The report made 20 recommendations, including having dedicated urgent and non-urgent machines for emergency and routine patients, training junior staff to take on new roles such as triaging, as the Queen Victoria Hospital NHS Trust in West Sussex has done, and extended hours for outpatient appointments, including weekends and longer days.
We also need specialist hubs
It also called for a new national target to be phased in — from the scan time to when the patient receives their results — to reduce the time some patients have to wait for a diagnosis.
If hospitals take all these recommendations on board, it will ‘unlock substantial improvement’ even with the resources we have, said the GIRFT report.
Another longer-term step is to create community hubs, away from hospitals, to perform scans and tests on non-urgent patients, preferably on the same day — according to the second NHS report, written by the former cancer tsar Professor Sir Mike Richards.
Ideally, these should operate ‘14 hours a day, seven days a week’, he says, although staff shortages mean this is ‘unachievable in the short term’.
His report called for CT scanning capacity to be doubled over the next five years to keep up with demand and bring the UK in line with other countries (see box, left). In total, the NHS in England has around 3,000 X-ray machines, 516 CT scanners and 425 MRI scanners.
Just to bring the UK up to the average number of MRI and CT scanners among the G7 and EU countries would cost around £1.5 billion, the Health Foundation, an independent healthcare charity, calculated in 2019.
‘Before the pandemic, the need for radical improvement in diagnostic services was already clear cut,’ Sir Mike Richards said in his report. ‘Diagnostic services in the NHS were reaching a tipping point.

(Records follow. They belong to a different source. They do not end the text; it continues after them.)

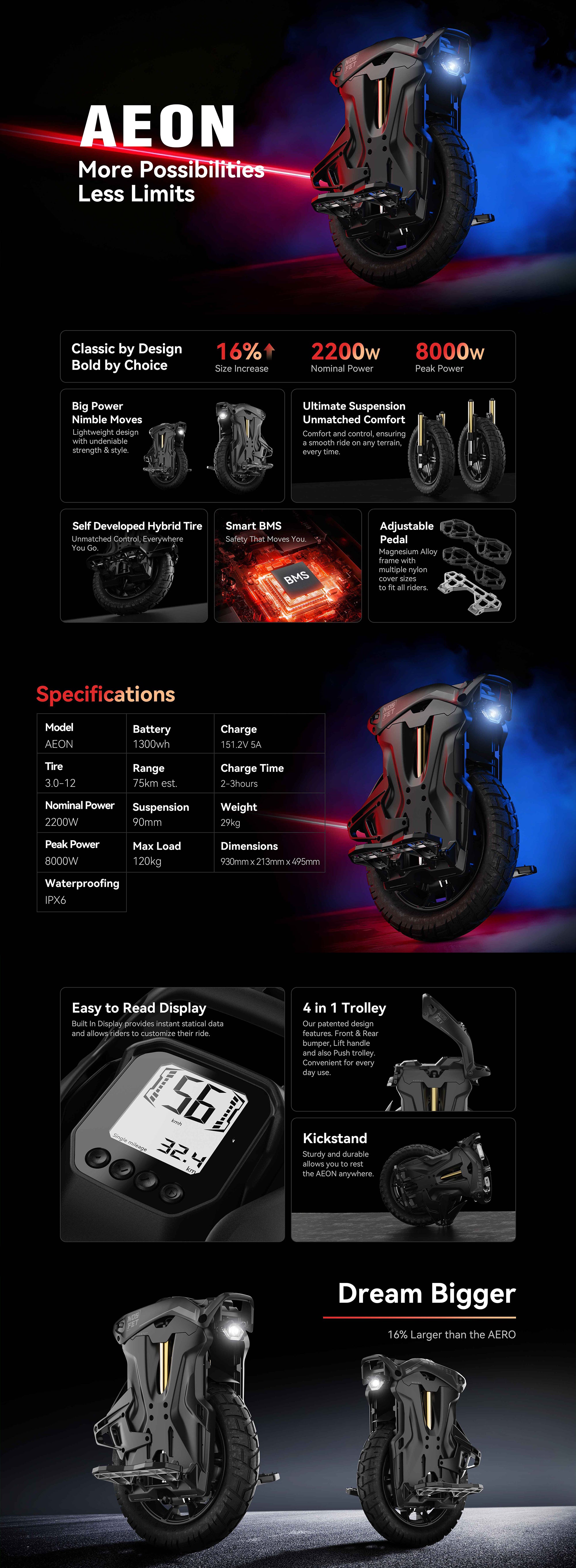 Who is the Aeon for? Bucking the recent trend towards heavier Wheels, the lighter-weight Aeon is ideal for someone who wants a Wheel with the best performance to weight ratio on the market. The Aeon slots nicely between the smaller Aero and the larger Patton-S in terms of weight/size and capability, and it's an excellent option for first-time riders and enthusiasts alike. If you're a fan of the Aero, but wish it had a higher top speed or a bit more performance, the Aeon is perfect for you!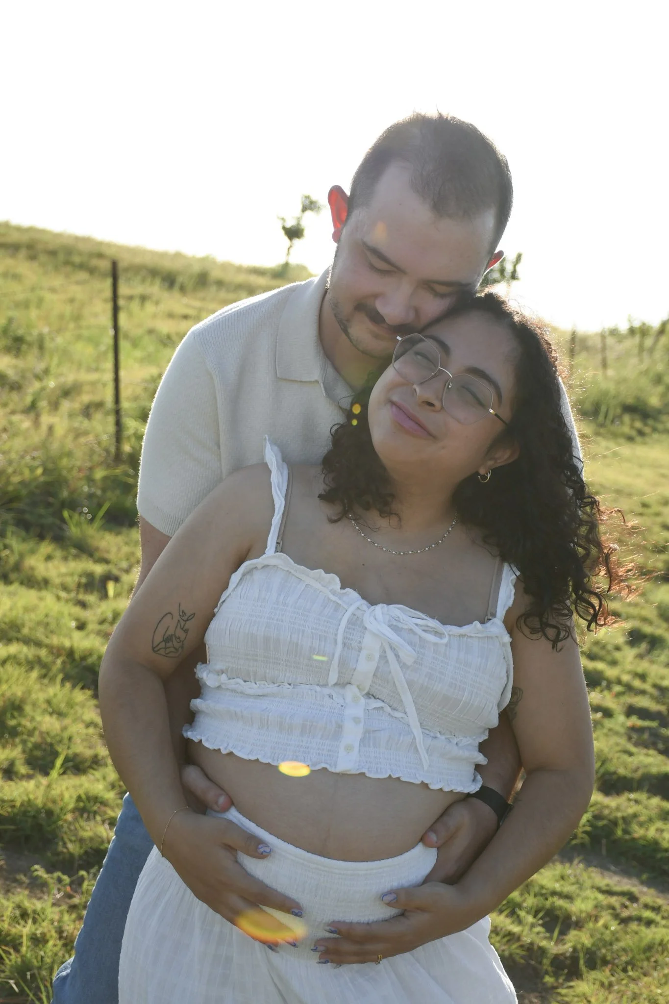 A couple embracing outdoors, with the man standing behind the woman, holding her belly, suggesting pregnancy, during sunset on a grassy hill.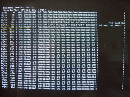 ' ERASE WHOLE EEPROM (fill with zero) ' using PAGE WRITE '************************************** Sub eeErase Dim fill(34) ' fill will contain 2 bytes for address + 32 fillbytes I2CADDR=&H57 ' 24C32-DS3231 K=&H00 'zero value or some fill value For i = 2 To 34:fill(i)=K: Next i Print "Erasing ..." I2C open 100,100 'ENABLE I2C For J=&h0 To &hF 'MSB For I=&h0 To &hFF Step 32'LSB fill(0)=j:fill(1)=i 'fill(0)+(1) = MSB + LSB I2C write I2CADDR, 0,34,fill(0) Pause 5 '? Write needs some time ... If MM.I2C <>0 Then Print "1=NAK 2=TIMEOUT"; MM.I2C,j,i:End:EndIf Next i L=(j*256+I) Print "Byte ";L, " ";Chr$(13); Next j I2C close Print "EEPROM HAS BEEN ERASED " End Sub Seems to be somewhat faster! The "Page Write" reminds me of the old days with 8086-Assembler, DOS and the "memory segmentation" (in german: Speichersegmentierung).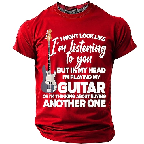 Herren-T-Shirt mit Bass-Grafik: „Ich höre zu, aber in Gedanken spiele ich Gitarre oder kaufe mir eine neue." – Lustiges, sarkastisches T-Shirt mit Bass-Motiv, normale Passform, Geschenk für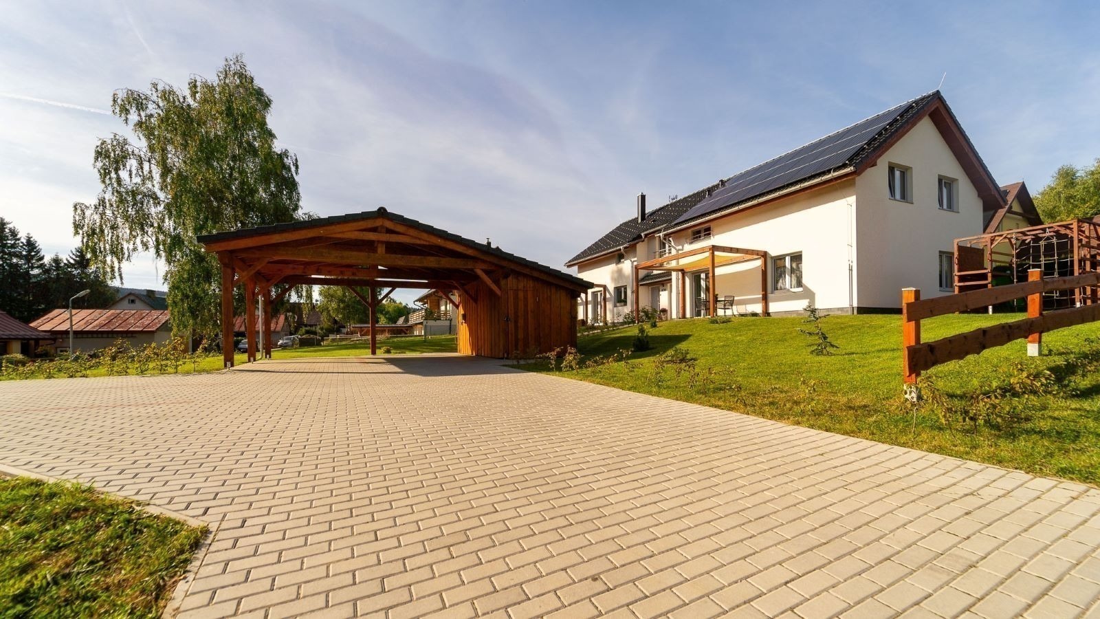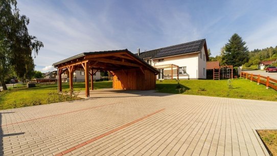 Stojí na upraveném pozemku o velikosti 1275 m2 s dětským hřištěm, částečně krytým parkovištěm pro 5 aut a zázemím pro lyžaře a kolaře.

Major expansion must start as soon as possible.’
Dr Jeanette Dickson adds: ‘We have been warning for years that radiology is a chronically under-resourced service in the NHS. Demand for services has increased at a higher-than-expected rate owing to technological advances.
‘While this makes imaging more accurate and useful for diagnosing and treating all sorts of injuries and conditions, it has not been matched with enough staff, scanners and updated ways of working. This has to change.’